Sudden drop in loss when lr scheduler is applied

I am training a conditional variational autoencoder with ELBO loss function and I am seeing a sudden drop in loss when I apply lr scheduler at some epoch.
Does anyone one have any idea why the learning rate decay drops my loss value suddenly instead of giving me a loss continuous from the loss I get when training with the learning rate before the decay?

Here is the code snippet

def loss_fn(mu_z, std_z, z_sample, mu_x, std_x, x):
    S = x.shape[0]
    
    # log posterior q(z|x)
    q_z_dist = torch.distributions.Normal(mu_z, torch.exp(std_z))
    log_q_z = q_z_dist.log_prob(z_sample)
    
    # log likelihood p(x|z)
    p_x_dist = torch.distributions.Normal(mu_x, torch.exp(std_x))
    log_p_x = p_x_dist.log_prob(x)
    
    # log prior 
    p_z_dist = torch.distributions.Normal(0, 1)
    log_p_z = p_z_dist.log_prob(z_sample)
    
    loss = (1 / S) * (
        torch.sum(log_q_z) - torch.sum(log_p_x) - torch.sum(log_p_z)
    )
    
    return torch.sum(log_q_z), torch.sum(log_p_x), torch.sum(log_p_z), loss


optimizer = torch.optim.Adam(list(enc.parameters()) + list(dec.parameters()), lr=lr)
scheduler = torch.optim.lr_scheduler.StepLR(optimizer, step_size=500, gamma=0.1)

train_dataset = TensorDataset(X_train, C_train, K_train)
test_dataset = TensorDataset(X_test, C_test, K_test)

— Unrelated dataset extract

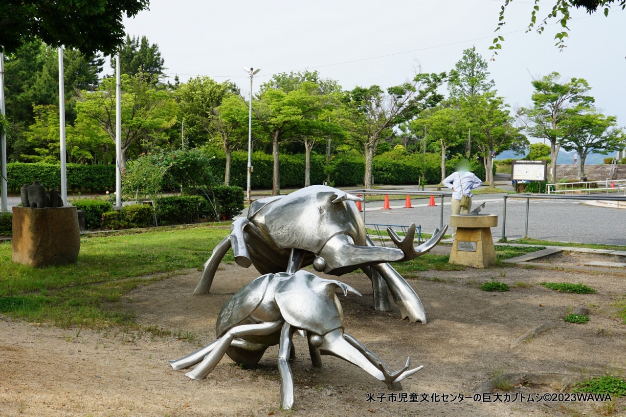 早朝訪問の為、米子市児童文化センターの建物内部には入れませんでしたが、敷地内のに点在するカブトムシ像を始めとするモニュメントを見て回ることは出来ました。- 旅行時期

train_iter = DataLoader(train_dataset, batch_size=BATCH_SIZE)
test_iter = DataLoader(test_dataset, batch_size=BATCH_SIZE)

train_loss_avg = []
test_loss_avg = []

for i in range(N_EPOCHS):
    train_loss_avg.append(0)
    num_batches = 0
    
    for x, c, k in train_iter: 
        # zero grad 
        optimizer.zero_grad()
        
        # forward pass 
        mu_z, std_z = enc(x.to(device), torch.cat([c, k], axis=1).to(device))
        eps = torch.randn_like(std_z)
        z_samples = mu_z + eps * torch.exp(std_z)
        mu_x, std_x = dec(z_samples.to(device), torch.cat([c, k], axis=1).to(device))
        
        # loss 
        _, _, _, loss = loss_fn(mu_z, std_z, z_samples, mu_x, std_x, x)
        
        # backward pass 
        loss.backward()
        
        # update 
        optimizer.step()
        train_loss_avg[-1] += loss.item()
        num_batches += 1
    
    if i < 501: 
        scheduler.step()

    train_loss_avg[-1] /= num_batches
    
    with torch.no_grad():
        test_loss_avg.append(0)
        num_batches = 0 
        
        for x_test, c_test, k_test in test_iter: 
            # forward
            mu_z_test, std_z_test = enc(x_test.to(device), torch.cat([c_test, k_test], axis=1).to(device))
            eps_test = torch.randn_like(std_z_test)
            z_samples_test = mu_z_test + eps_test * torch.exp(std_z_test)
            mu_x_test, std_x_test = dec(z_samples_test.to(device), torch.cat([c_test, k_test], axis=1).to(device))
            
            # loss
            _, _, _, test_loss = loss_fn(mu_z_test, std_z_test, z_samples_test, mu_x_test, std_x_test, x_test)
            
            test_loss_avg[-1] += test_loss.item()
            num_batches += 1
        
        test_loss_avg[-1] /= num_batches
    
    print("Epoch [%d / %d] train loss: %f, test loss: %f" % (i+1, N_EPOCHS, train_loss_avg[-1], test_loss_avg[-1]))

This effect is often observed when decreasing the learning rate, as your loss might be “stuck” due to too large gradient steps. E.g. the ResNet paper shows the same behavior in the loss curves (this paper of course doesn’t discuss this effect).